Target validation approaches:

• Gene knockout studies: Confirm whether AIM31 is essential for fungal virulence using CRISPR-Cas9 or other gene editing technologies

• Complementation assays: Evaluate whether wild-type protein can restore function in mutants to confirm specificity

• Host range testing: Determine if similar phenotypes occur across different host plants to ensure broad-spectrum efficacy

High-throughput screening strategies:

• Develop biochemical assays measuring AIM31 activity (e.g., electron transfer function)

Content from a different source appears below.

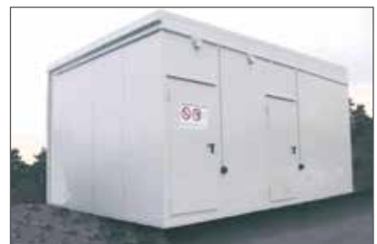
BLS 2960 kahdella ovellalla
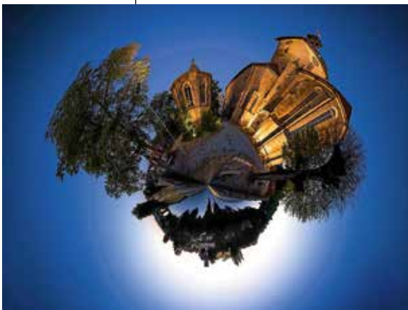
aus dem Wettbewerb zum Foto des Jahres 2022

Diese öffentliche Führung zeigt den Gästen Orte und schildert Ereignisse, die eng mit den Personen Hölderlin und Regiswindis verbunden sind. Friedrich Hölderlin: Der berühmte, 1770 in Lauffen geborene Dichter und Philosoph. Das siebenjährige Mädchen Regiswindis: Nach dem gewaltsamen Tod im Jahre 839 stieg sie um 1000 zur Ortsheiligen auf. Beide Personen haben die Entwicklung von Lauffen bis in die heutige Zeit maßgeblich geprägt.

• Screen chemical libraries against recombinant protein

• Evaluate mitochondrial function inhibitors for selective activity against fungal vs. plant mitochondria

Evaluation of candidate inhibitors:

• In vitro assays: Test effects on fungal growth, development, and stress responses

• Ex vivo plant infection assays: Assess impact on disease progression

• Selectivity profiling: Ensure minimal effects on non-target organisms

• Resistance development assessment: Evaluate potential for resistance emergence

The research on mitochondrial complex inhibitors suggests that compounds affecting mitochondrial superoxide anion detoxification might be particularly effective, as VdNuo1 mutants showed significantly increased sensitivity to menadione (an mtROS inducer) .

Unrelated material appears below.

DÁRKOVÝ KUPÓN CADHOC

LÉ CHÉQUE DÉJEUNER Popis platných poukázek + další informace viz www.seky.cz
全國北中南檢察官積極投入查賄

What methodologies can be used to study the interaction between AIM31 and other mitochondrial proteins in Verticillium species?

Several complementary methodologies can be employed to study AIM31 protein interactions:

Protein-protein interaction studies:

• Co-immunoprecipitation (Co-IP): Using antibodies against tagged versions of AIM31 to pull down interacting proteins, followed by mass spectrometry identification

• Yeast two-hybrid screening: Using AIM31 as bait to identify interacting partners from a cDNA library

• Proximity-dependent biotin identification (BioID): Fusing AIM31 to a biotin ligase to biotinylate nearby proteins for subsequent identification

Structural biology approaches:

• X-ray crystallography or cryo-EM: To determine the three-dimensional structure of AIM31 complexes

• Cross-linking mass spectrometry: To identify points of contact between AIM31 and other proteins

• Hydrogen-deuterium exchange mass spectrometry (HDX-MS): To map interaction interfaces

Functional genomics approaches:

• Synthetic genetic arrays: Identifying genes that show synthetic lethality or suppression with AIM31 mutations

• CRISPR-Cas9 screening: For identifying functionally related genes

• Comparative transcriptomics: Between wild-type and AIM31 mutants to identify co-regulated genes

Biochemical complex analysis:

• Blue native PAGE: To isolate and identify intact mitochondrial complexes containing AIM31

• Density gradient ultracentrifugation: To separate and characterize complexes

• Reconstitution experiments: With purified components to test direct interactions

In vivo imaging:

• Bimolecular fluorescence complementation (BiFC): To visualize protein interactions in living cells

• Förster resonance energy transfer (FRET): To detect proximity between fluorescently tagged proteins

• Super-resolution microscopy: To visualize co-localization at the nanoscale

Research on the related protein VdNuo1 identified it as regulating mitochondrial morphogenesis and homeostasis, suggesting that AIM31 likely interacts with proteins involved in mitochondrial fusion/fission machinery, cristae formation, and respiratory chain complexes .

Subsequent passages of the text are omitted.